#### Dataset extract ####
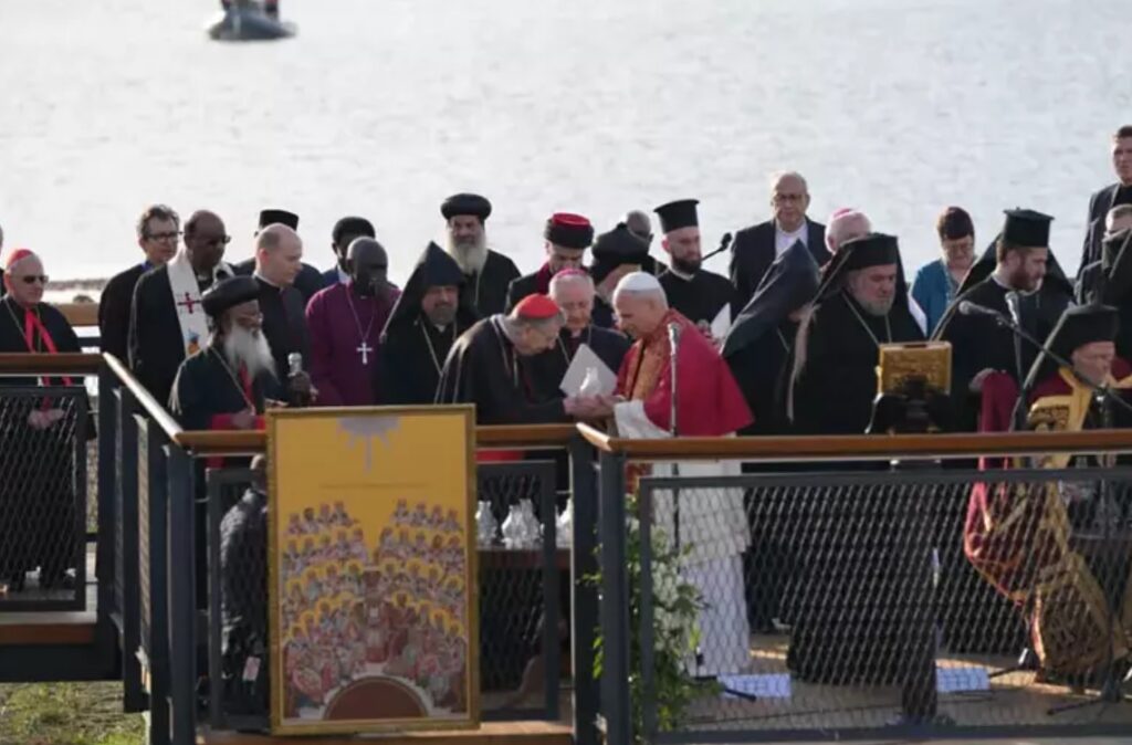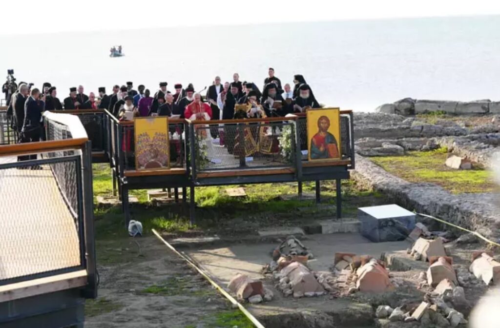 Hristiyan din adamları da Papa’yı görmek için ilçede bir araya geldi. Papa, geniş güvenlik önlemleri altında stadyumdan çıkış yapan konvoyla birlikte saat 15.30’da İznik Gölü kıyısındaki Aziz Neophytos Bazilikası’nın da bulunduğu İznik Gölü Bazilikası Ören Yeri’ne geldi.
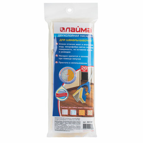 Насадка МОП для швабры самоотжимной "Бабочка" 601468, спонж/микрофибра 26 см, на липучке, LAIMA, 601486
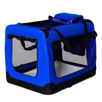 lionto dog transport box foldable for travel & car, 90x61x65 cm, sturdy with carrying handles blanket cats dogs up to 22 kg, fabric small large, blue
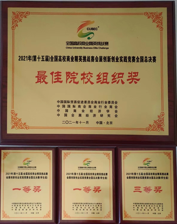近日,第十五届全国高校商业精英挑战赛会展专业创新创业实践竞赛举办线上颁奖典礼。我校在全国总决赛中获得2个一等奖,1个三等奖的好成绩。学校获得“最佳院校组织奖”荣誉。
####
◆ **Your assignment**: Ignoring the pictures, write out word for word the lines from the line containing "Насадка МОП для" through the end of the material above.

◆ **Finished exercise**:
 Насадка МОП для швабры самоотжимной "Бабочка" 601468, спонж/микрофибра 26 см, на липучке, LAIMA, 601486
 lionto dog transport box foldable for travel & car, 90x61x65 cm, sturdy with carrying handles blanket cats dogs up to 22 kg, fabric small large, blue
近日,第十五届全国高校商业精英挑战赛会展专业创新创业实践竞赛举办线上颁奖典礼。我校在全国总决赛中获得2个一等奖,1个三等奖的好成绩。学校获得“最佳院校组织奖”荣誉。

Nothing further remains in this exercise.